• **To do**
Would you output the listing exactly, with every image omitted?

• **Dataset extract**

○ ○ ○ ○

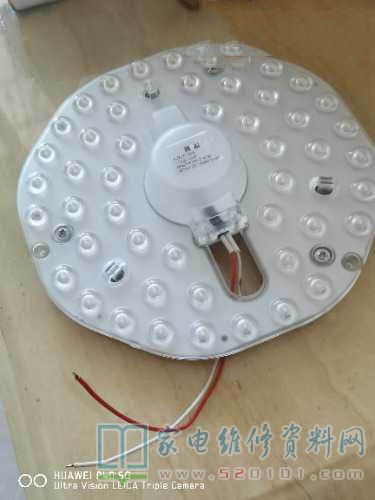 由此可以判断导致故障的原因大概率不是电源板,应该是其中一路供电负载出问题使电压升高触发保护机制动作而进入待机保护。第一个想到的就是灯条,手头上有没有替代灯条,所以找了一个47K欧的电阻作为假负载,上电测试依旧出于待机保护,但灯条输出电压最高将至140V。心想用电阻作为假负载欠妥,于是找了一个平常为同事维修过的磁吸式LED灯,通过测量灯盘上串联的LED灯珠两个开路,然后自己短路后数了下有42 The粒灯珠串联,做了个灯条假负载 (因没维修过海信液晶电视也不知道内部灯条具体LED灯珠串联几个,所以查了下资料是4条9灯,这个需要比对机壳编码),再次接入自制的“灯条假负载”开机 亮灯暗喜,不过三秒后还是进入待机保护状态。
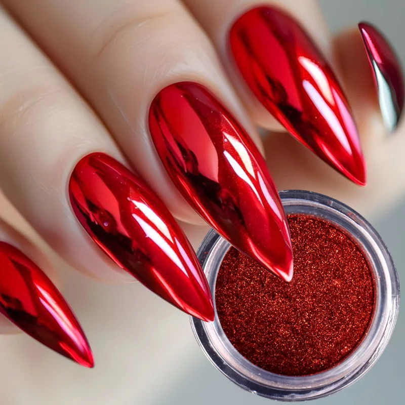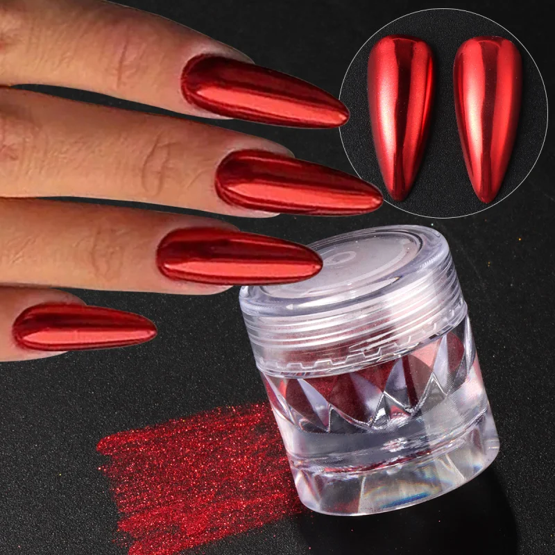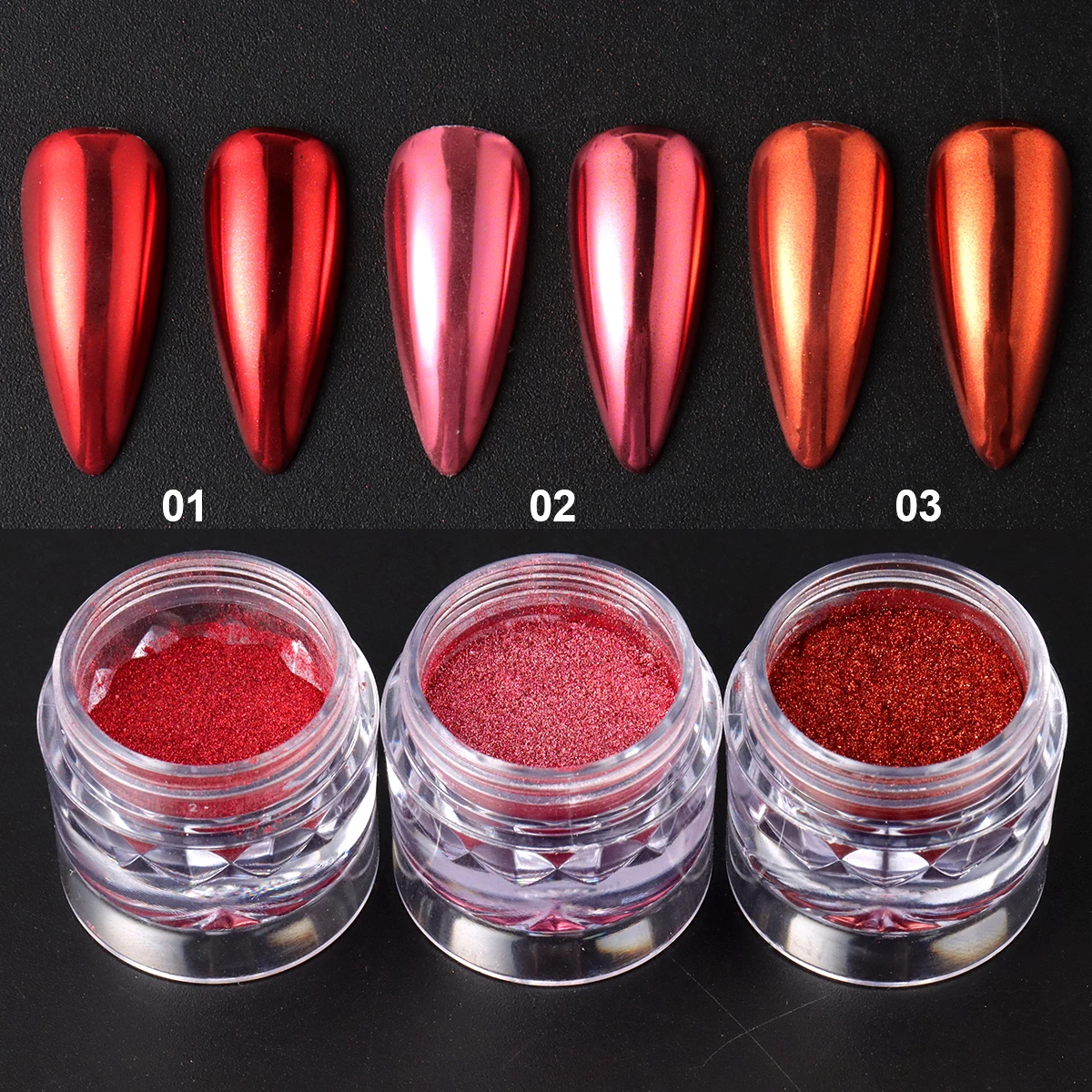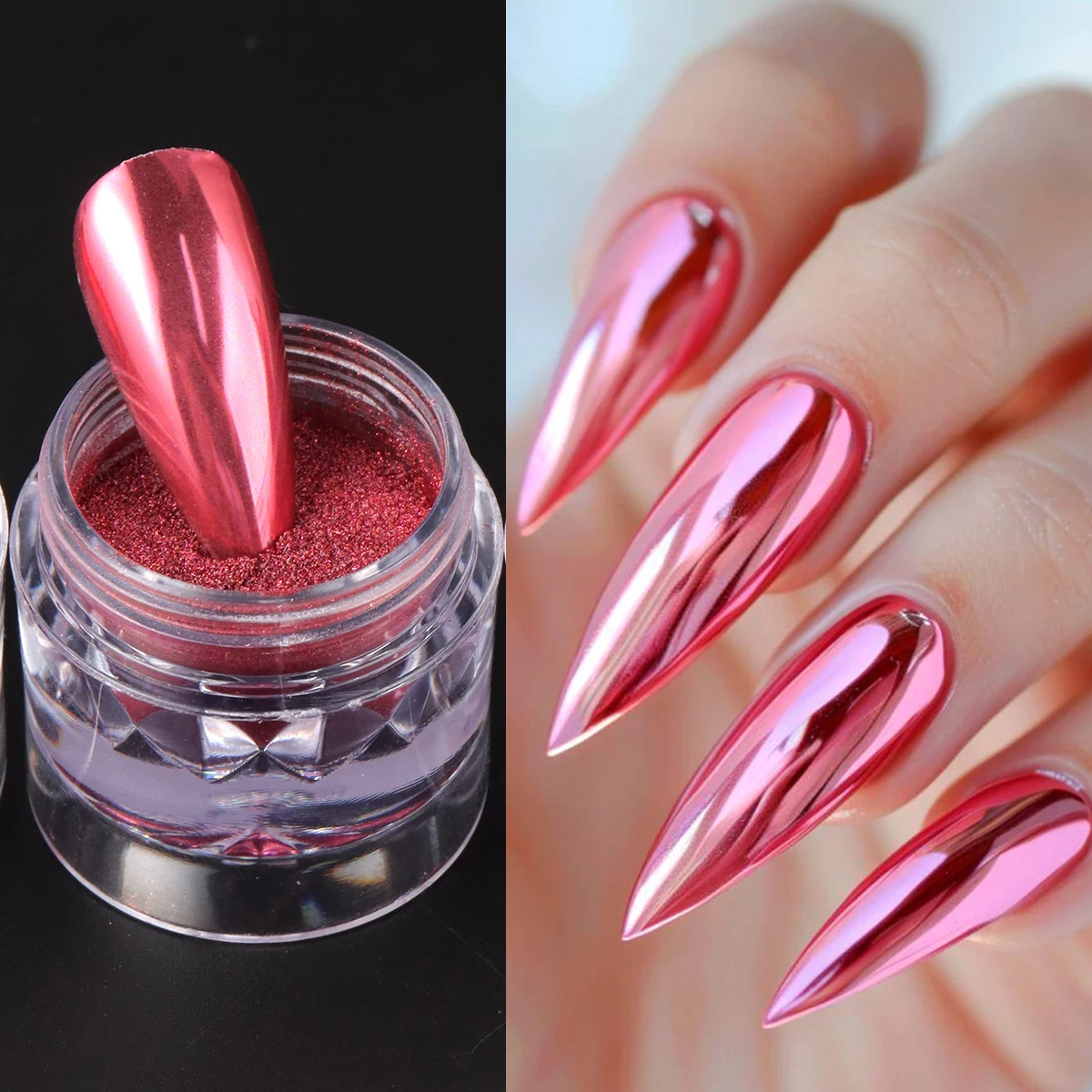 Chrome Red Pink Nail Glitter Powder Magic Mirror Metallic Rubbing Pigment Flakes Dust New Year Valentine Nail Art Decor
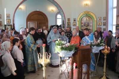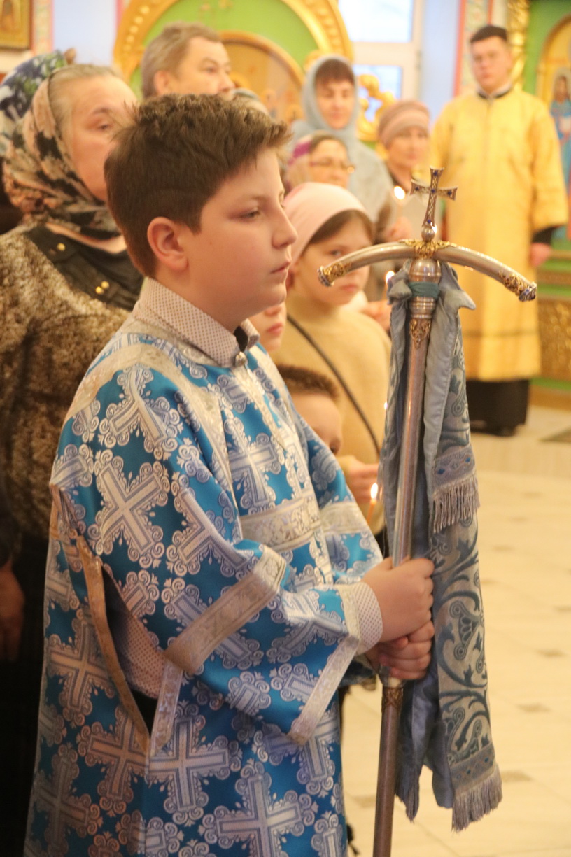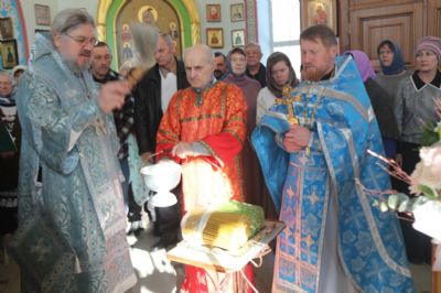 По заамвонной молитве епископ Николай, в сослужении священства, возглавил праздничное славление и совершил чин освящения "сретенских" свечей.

○ ○ ○ ○

• **Exercise result**
 由此可以判断导致故障的原因大概率不是电源板,应该是其中一路供电负载出问题使电压升高触发保护机制动作而进入待机保护。第一个想到的就是灯条,手头上有没有替代灯条,所以找了一个47K欧的电阻作为假负载,上电测试依旧出于待机保护,但灯条输出电压最高将至140V。心想用电阻作为假负载欠妥,于是找了一个平常为同事维修过的磁吸式LED灯,通过测量灯盘上串联的LED灯珠两个开路,然后自己短路后数了下有42 The粒灯珠串联,做了个灯条假负载 (因没维修过海信液晶电视也不知道内部灯条具体LED灯珠串联几个,所以查了下资料是4条9灯,这个需要比对机壳编码),再次接入自制的“灯条假负载”开机 亮灯暗喜,不过三秒后还是进入待机保护状态。
 Chrome Red Pink Nail Glitter Powder Magic Mirror Metallic Rubbing Pigment Flakes Dust New Year Valentine Nail Art Decor
 По заамвонной молитве епископ Николай, в сослужении священства, возглавил праздничное славление и совершил чин освящения "сретенских" свечей.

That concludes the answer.